Borman[48] found that UC patients had attenuated immune responses to SARS?CoV?2 infection after receiving immunosuppressive/anti?TNF drugs, and SARS?CoV?2 vaccination may have adverse outcomes. Crouwel[49] also found that compared with vedolizumab, patients treated with infliximab had attenuated humoral immune responses, lower serum antibody concentrations,and lower seroconversion rates after the first vaccination with BNT162b2 or ChAdOx1. However, the immune response of UC patients depends on the type of vaccine and treatmen[50], and Hadi et al[5] indicated that non?live vaccines are safe for UC patients regardless of their treatment, although some patients receiving immunotherapy Patients may have a reduced response to the SARS?CoV?2 vaccine, but such patients are not advised to delay or stop vaccination, but to reduce the dose of immunosuppressive/ anti?TNF drugs . If the patient's condition persists or is active, SARS?CoV?2 vaccination may need to be delayed. Liu[51] indicated that UC patients can be vaccinated while receiving stable therapy with the lowest possible level of immunosuppression. Similarly, experts such as Siegel et al[52] suggested that UC patients should be vaccinated with SARS?CoV?2 as soon as possible regardless of treatment,except for live attenuated vaccines or replication?competent viral vector vaccines[53]. More recently, Weaver et al[54] indicated that vaccination against SARS?CoV?2 infected patients is safe and generally safe and effective for UC patients and can be strongly recommended. Botwin[55] conducted a longitudinal survey analysis of 246 IBD patients who received two vaccinations of BNT162b2 or mRNA?1273 vaccine, and adverse events (AEs) usually occurred on the 8th day after each dose. sky. After the first and second vaccination, the incidence of AEs was not significantly different from healthy subjects, and the incidence of AEs was higher in UC patients than in Crohn 's disease[56].

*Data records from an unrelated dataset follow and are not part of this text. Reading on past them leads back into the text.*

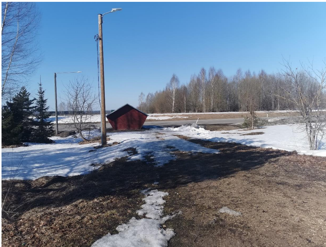
Foto: vaade Lennuvälja bussipeatuse poole. Fotel näha olevast valgustipostist võetakse ka käesoleva projekti raames projekteeritud tänavavalgustusele toide. Vaade pk 100+35 poolt pk 100+00 poole.
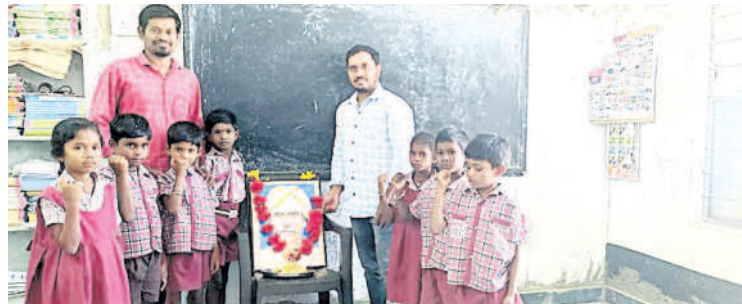
కుమ్రం భీం చిత్రపటానికి పూలమాల వేసి నివాళులర్పిస్తున్న విద్యార్థులు, ఉపాధ్యాయులు
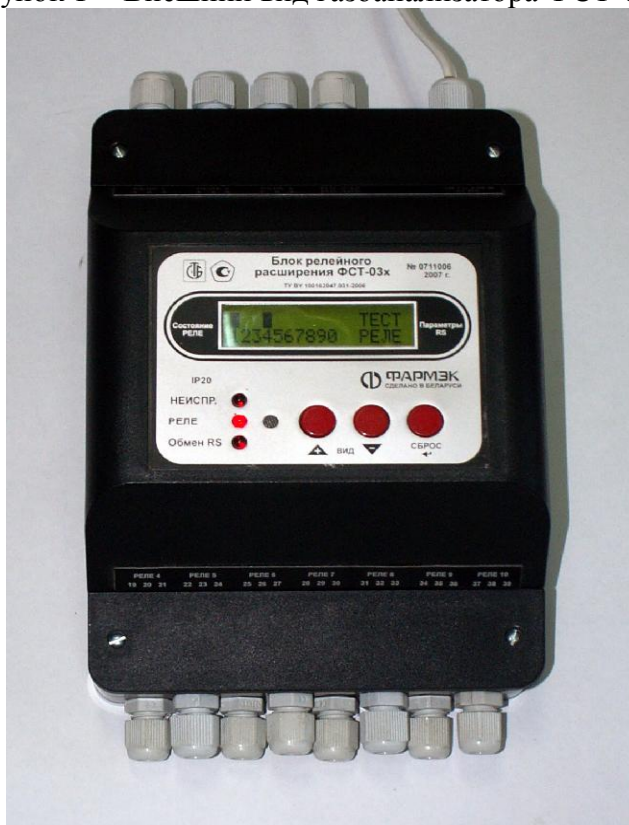
Рисунок 2 - Внешний вид БРР
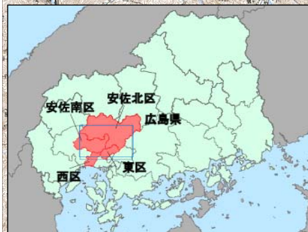
山根地区 (安佐北区可部町桐原)
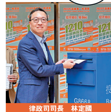
律政司司長 林定國

These studies suggest that in UC patients, SARS?CoV?2 mRNA vaccine is safe to receive biological immunotherapy early after vaccination. Therefore, although UC patients receiving biological immunotherapy are at risk of reduced immune response. However,these patients are still expected to gain protective immunity from vaccination[57].

6. Summary

present, SARS?CoV?2 is still spreading widely and mutating multiple times around the world, causing a serious impact on the global medical and health system. At the same time, it has had a huge impact on the course and treatment of various inflammatory diseases, including ulcerative colitis. Therefore, we urgently need to understand the impact of SARS?CoV?2 on the treatment of ulcerative colitis, especially in patients receiving biological immunotherapy.

It has been reported that UC patients who have received long?term biological immunotherapy may be more susceptible to SARS?CoV?2 infection than healthy people, but there is a need for prevention of SARS?CoV?2 infection in these patients and treatment of such patients infected with SARS?CoV?2. There are many difficulties.For example: how to balance UC patients receiving biological immunotherapy without increasing their risk of SARS?CoV?2 infection; how to adjust immunity while ensuring that patients do not suffer from severe immunosuppression while maintaining drug efficacy Dosage of inhibitors/biologics; how to address the reduced response to SARS?CoV?2 vaccine in such patients and the need for booster vaccinations. The solution of these problems requires us to further explore and study the relationship between SARS?CoV?2 and these special patients.

Conflict of Interest Statement

All authors declare no conflict of interest.

Author Contribution

Yin?Nan Kang: writing and revising the paper; You?Cheng Xie and Jun?Ke Wang: responsible for reviewing and revising the paper;Shan?Shan Liu and Chu?Yi Li: responsible for data sorting; Xiao?Hui Yu and Jiu?Cong Zhang: responsible for thesis design and topic selection, and responsible for data sorting and analysis.